Task item: Among the lines below, output only those between the line holding "Šis rinkinys idealus" and the line holding "中国娱乐网讯:当地时间201", inclusive, exactly as written and with no pictures.

Input data:
____

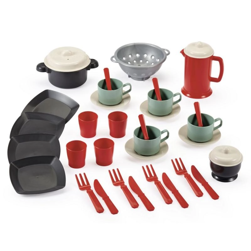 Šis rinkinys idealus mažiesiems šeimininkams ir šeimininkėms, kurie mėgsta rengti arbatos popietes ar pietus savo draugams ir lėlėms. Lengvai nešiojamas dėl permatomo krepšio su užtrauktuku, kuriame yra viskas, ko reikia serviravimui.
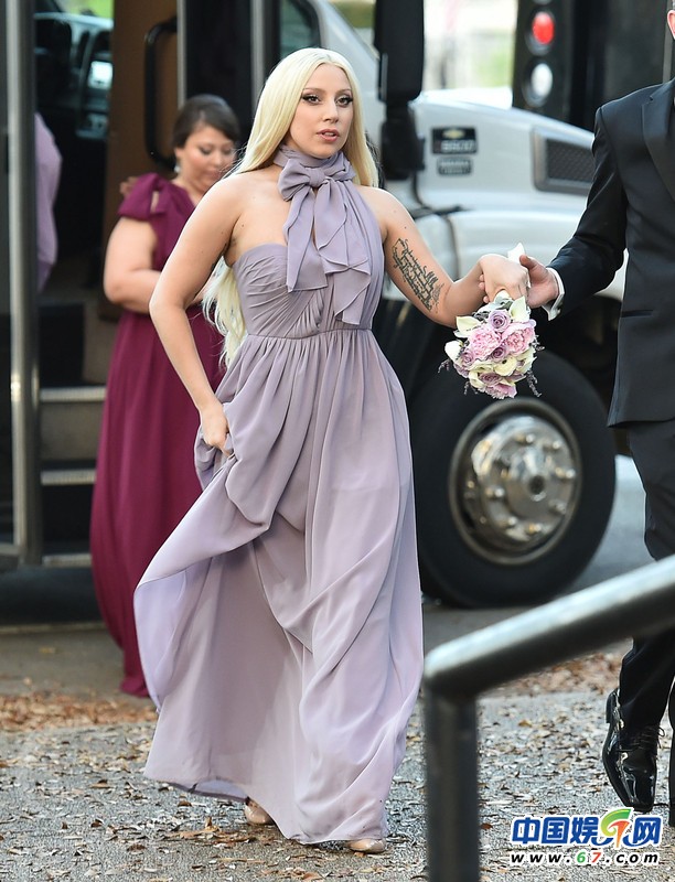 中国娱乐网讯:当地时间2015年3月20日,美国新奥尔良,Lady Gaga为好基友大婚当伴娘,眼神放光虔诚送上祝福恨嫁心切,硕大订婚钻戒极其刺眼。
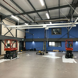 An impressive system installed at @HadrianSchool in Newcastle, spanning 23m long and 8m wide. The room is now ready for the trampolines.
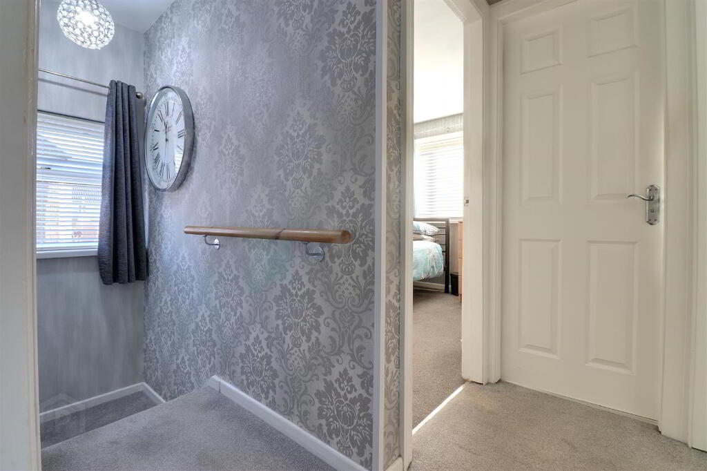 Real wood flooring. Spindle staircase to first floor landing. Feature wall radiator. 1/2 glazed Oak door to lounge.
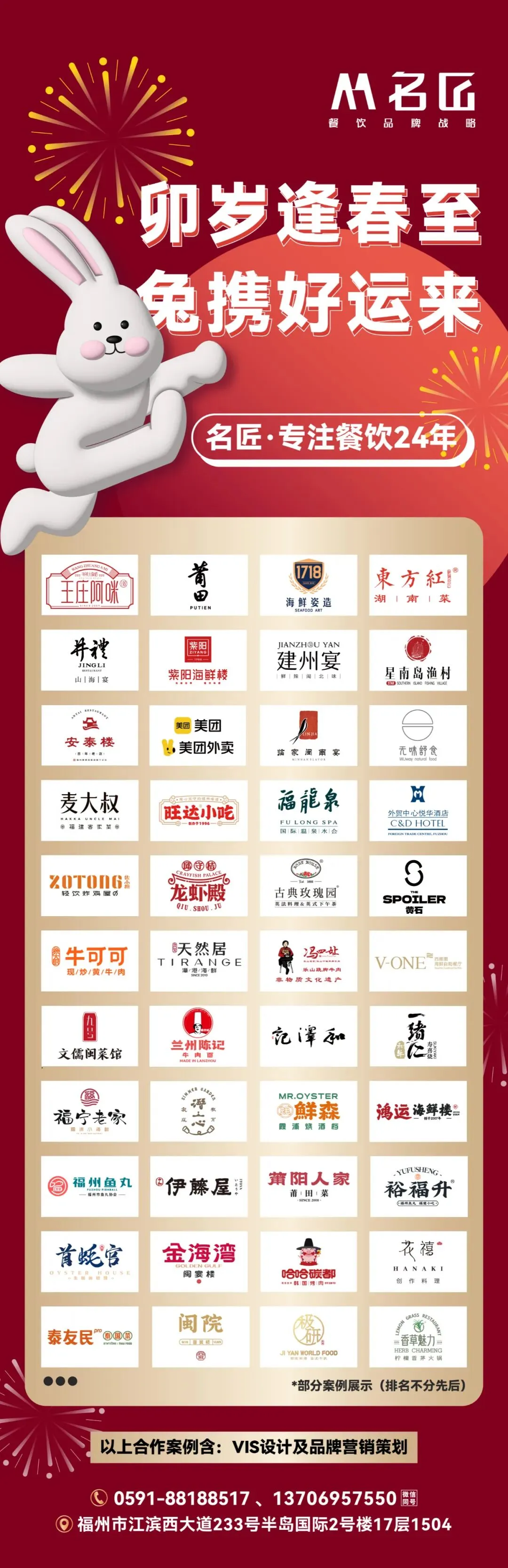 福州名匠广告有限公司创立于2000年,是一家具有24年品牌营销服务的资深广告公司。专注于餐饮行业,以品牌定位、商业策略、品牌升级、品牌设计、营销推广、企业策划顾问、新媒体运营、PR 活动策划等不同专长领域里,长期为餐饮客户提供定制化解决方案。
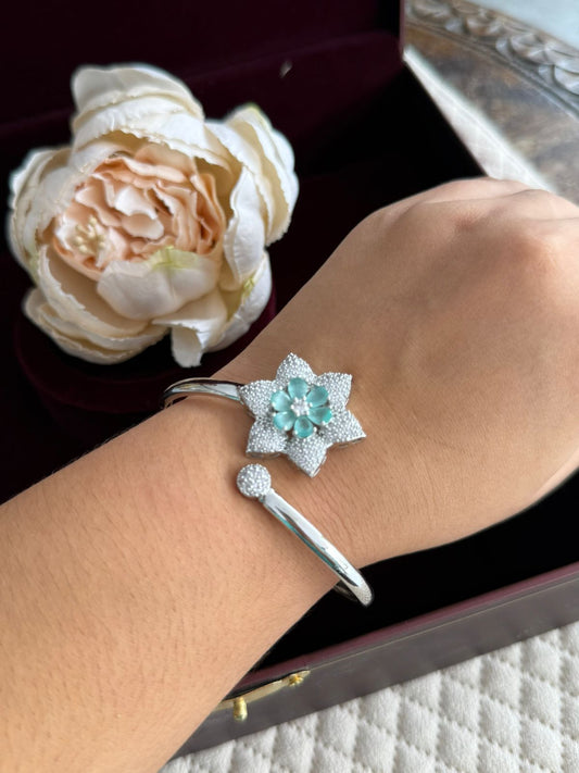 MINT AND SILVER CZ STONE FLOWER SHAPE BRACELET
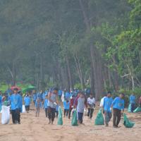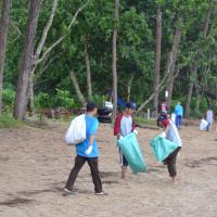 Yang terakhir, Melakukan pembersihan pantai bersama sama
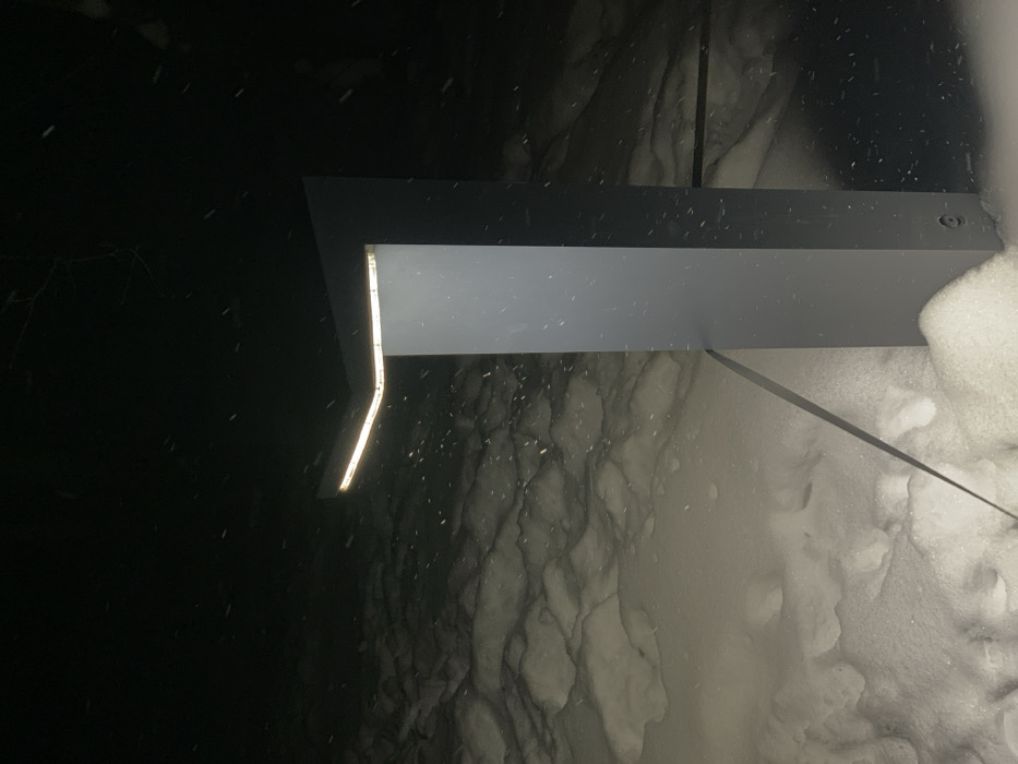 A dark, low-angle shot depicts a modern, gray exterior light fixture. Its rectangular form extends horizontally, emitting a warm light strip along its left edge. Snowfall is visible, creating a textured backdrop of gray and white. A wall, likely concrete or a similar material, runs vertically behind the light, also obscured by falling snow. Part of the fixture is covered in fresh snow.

____

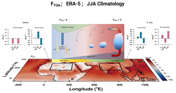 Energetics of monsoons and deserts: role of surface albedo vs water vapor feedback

____

Reply to the exercise:
 Šis rinkinys idealus mažiesiems šeimininkams ir šeimininkėms, kurie mėgsta rengti arbatos popietes ar pietus savo draugams ir lėlėms. Lengvai nešiojamas dėl permatomo krepšio su užtrauktuku, kuriame yra viskas, ko reikia serviravimui.
 中国娱乐网讯:当地时间2015年3月20日,美国新奥尔良,Lady Gaga为好基友大婚当伴娘,眼神放光虔诚送上祝福恨嫁心切,硕大订婚钻戒极其刺眼。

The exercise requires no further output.